A senior Iranian official said that in a crisis session of the Supreme National Security Council, the regime concluded that the international community was too united for Iran to sustain a policy of minimal, calibrated cooperation. The council’s secretary, Hassan Rowhani, brokered a consensus that in the short term, fuller cooperation best served Iran’s national interest, the senior official said.

“We should have accepted the additional protocol much earlier,” Vice President Mohammed Ali Abtahi, referring to an agreement that would open Iranian facilities to broader IAEA inspections, said in an interview.

The debate in Tehran now centers on the extent of Iran’s compliance with IAEA demands. Iran claims that its October agreement with the British, German and French foreign ministers to more fully cooperate brings it into full compliance with the agency’s September resolution. In return, to remain in compliance, it is demanding an easing of international pressure, and the transfer of civilian nuclear technology.

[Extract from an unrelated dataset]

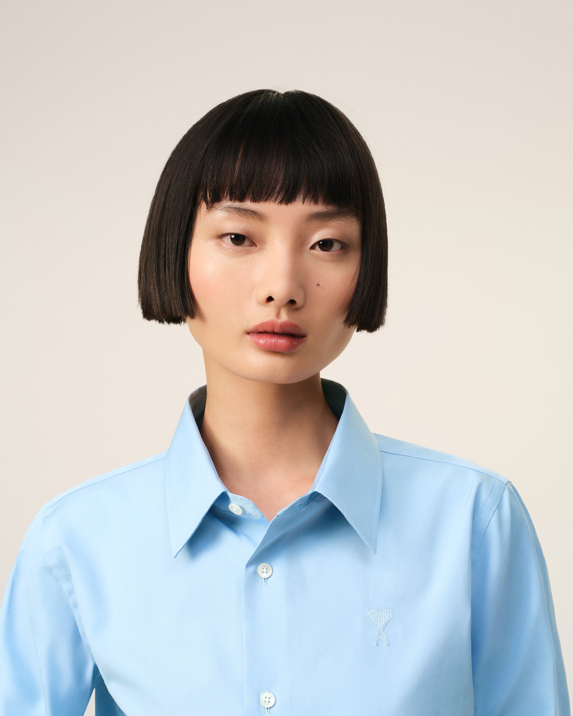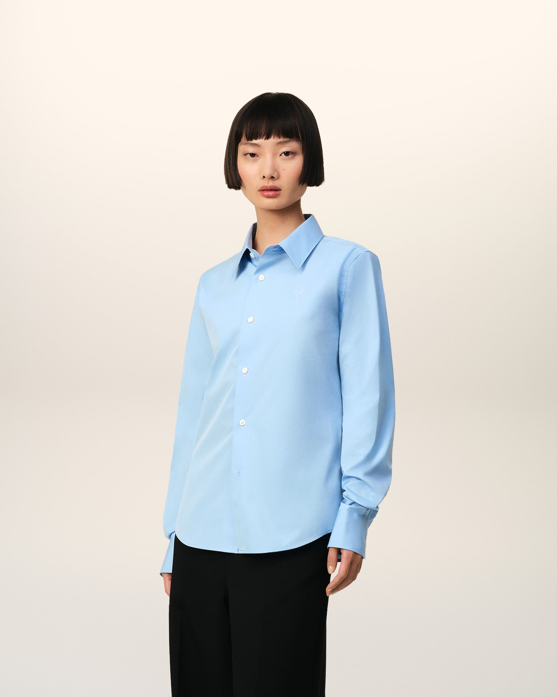 Tonal Ami de Coeur shirt in cotton poplin. Classic fit 66 cm center back length (size 36) Tonal Ami de Coeur chest embroidery Classic shirt collar Buttoned tab on front and cuffs Mother-of-pearl buttons Made in Bulgaria (with love) REF : FSH061.CO0063.484
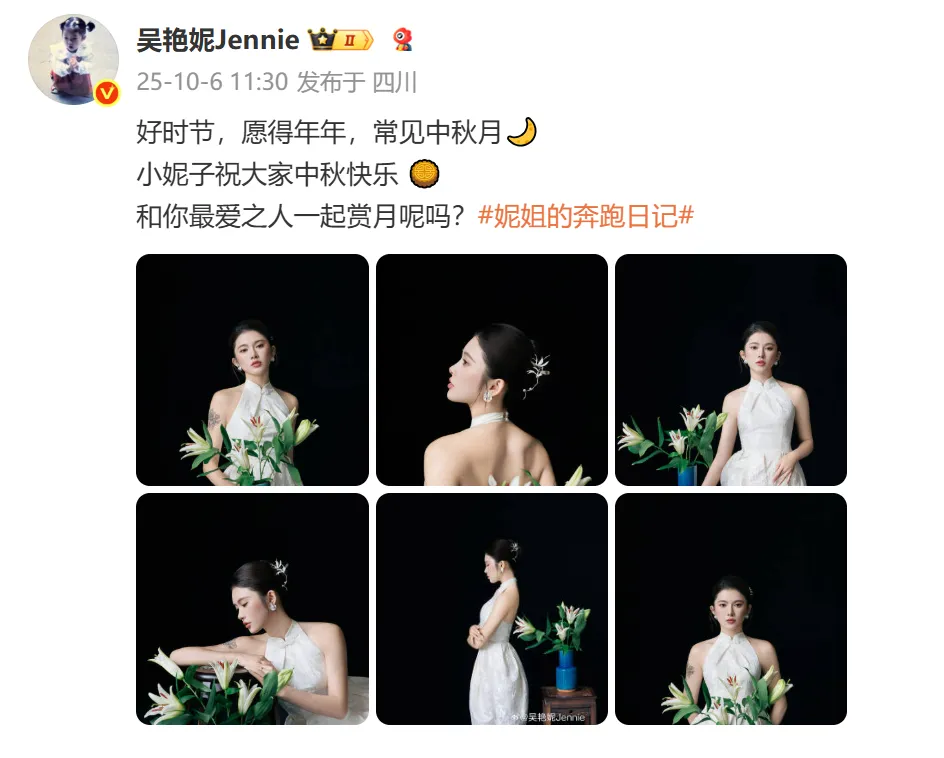 10月6日,运动员吴艳妮发文:“好时节,愿得年年,常见中秋月 小妮子祝大家中秋快乐 和你最爱之人一起赏月呢吗?”并晒出一组中国风写真。

“If the European side does not keep its word, all of Iran’s commitments will be null and void,” Ayatollah Ahmad Jannati, head of the powerful Guardian Council, said three weeks ago.

Although they have no formal role in making foreign policy, the Revolutionary Guards and their supporters in the hard-line religious establishment wield enough power to act independently of the Foreign Ministry and other government departments.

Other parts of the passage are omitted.